Segundo a CCEE, após a rápida expansão das migrações ao mercado livre em 2024 e 2025, os dois primeiros anos da abertura do segmento para toda a alta tensão, o ritmo de crescimento passa por um período de acomodação, mas o volume de novos entrantes segue em patamares acima da média observada até 2023.

No entanto, a Abraceel, associação que representa comercializadores de energia, alerta que houve uma escalada de preços que pode afetar a decisão de milhões de consumidores que passarão a ter direito de escolher o fornecedor de energia em 2027 e 2028.

Estudo realizado pela associação mostra que, entre janeiro de 2024 e março de 2026, o preço da energia elétrica de longo prazo – contratos de energia convencional para os quatro anos subsequentes – acumulou elevação de 59%, passando de R$ 147 por MWh em 2024 para R$ 233 por MWh em 2026.

Já os preços trimestrais, que balizam contratos de energia convencional para os três meses subsequentes – mostra escalada ainda mais acentuada.

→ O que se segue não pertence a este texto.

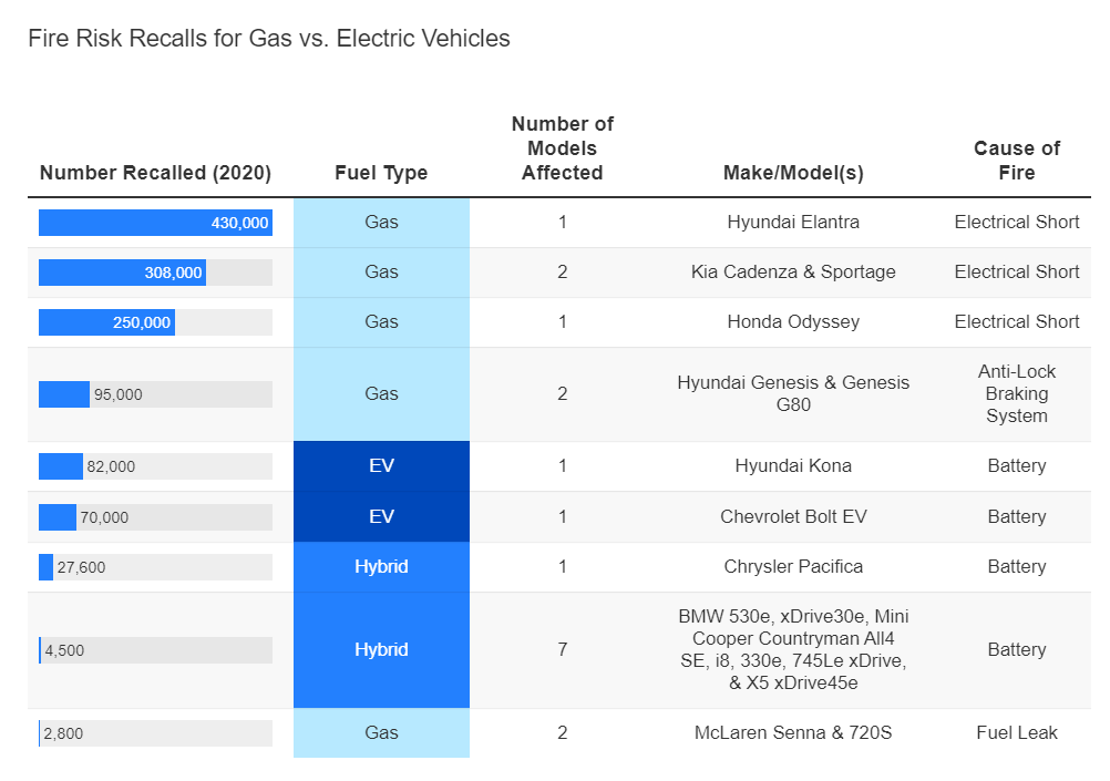 They also visited Recalls.gov to find out how many fire-related vehicle recalls had been reported to the government in 2020. Here is that data, broken down again by vehicle type:

No mesmo período, o preço trimestral da energia do mercado livre sofreu uma elevação de 121%, passando de R$ 143 por MWh em 2024 para R$ 317 por MWh em 2026. Para efeito de comparação, a variação do IPCA, indicador oficial de inflação, subiu 5% desde então.

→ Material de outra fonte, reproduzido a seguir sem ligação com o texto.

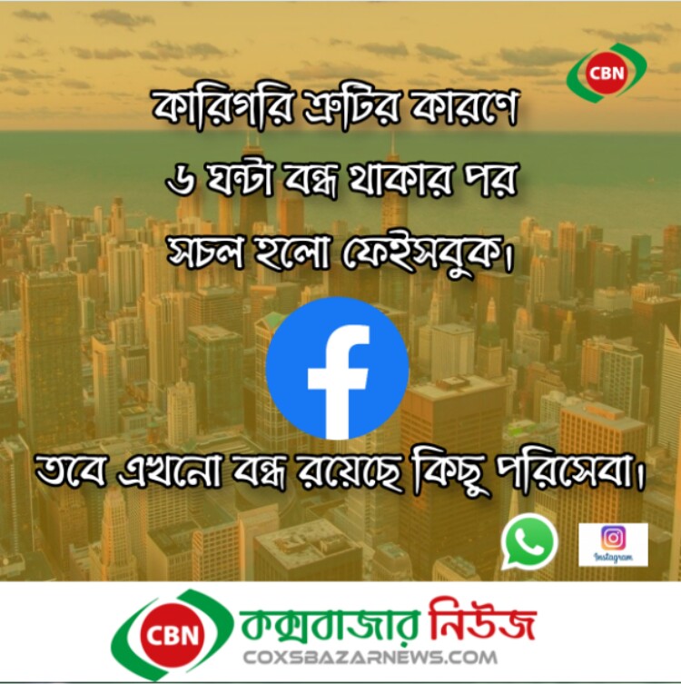 অনলাইন ডেস্ক: প্রায় ৬ ঘণ্টা ডাউন থাকার পর সামাজিক যোগাযোগ মাধ্যম ফেসবুক, হোয়াটসঅ্যাপ ও ইনস্টাগ্রাম অনলাইনে ফিরেছে।

Atualmente, são mais de 90 mil consumidores que podem escolher seu supridor de energia, fechando contratos diretamente com geradores, comercializadores ou sendo representados por comercializadores varejistas.

Setores de serviços e comércio lideram as migrações em 2026

Segundo dados da CCEE, que acompanha 15 ramos de atividade econômica, os setores de serviços e comércio lideraram as adesões ao mercado livre neste primeiro trimestre. Na sequência, destaque para saneamento e alimentos. Os números mostram a expansão do ambiente dos pequenos e médios lojistas aos estabelecimentos maiores, como supermercados, hospitais, farmácias e hotéis.

Eixo Sul/Sudeste em destaque

São Paulo registrou 1.311 novas migrações para o mercado livre entre janeiro e março. Logo em seguida, Minas Gerais (387), Rio Grande do Sul (386), Santa Catarina (370) e Paraná (351) figuram no topo do ranking e consolidam o eixo Sul/Sudeste como um dos principais para o crescimento do mercado. Destaque também para a Bahia, principal estado do Nordeste, com a marca de 340 novos consumidores que entraram para o segmento.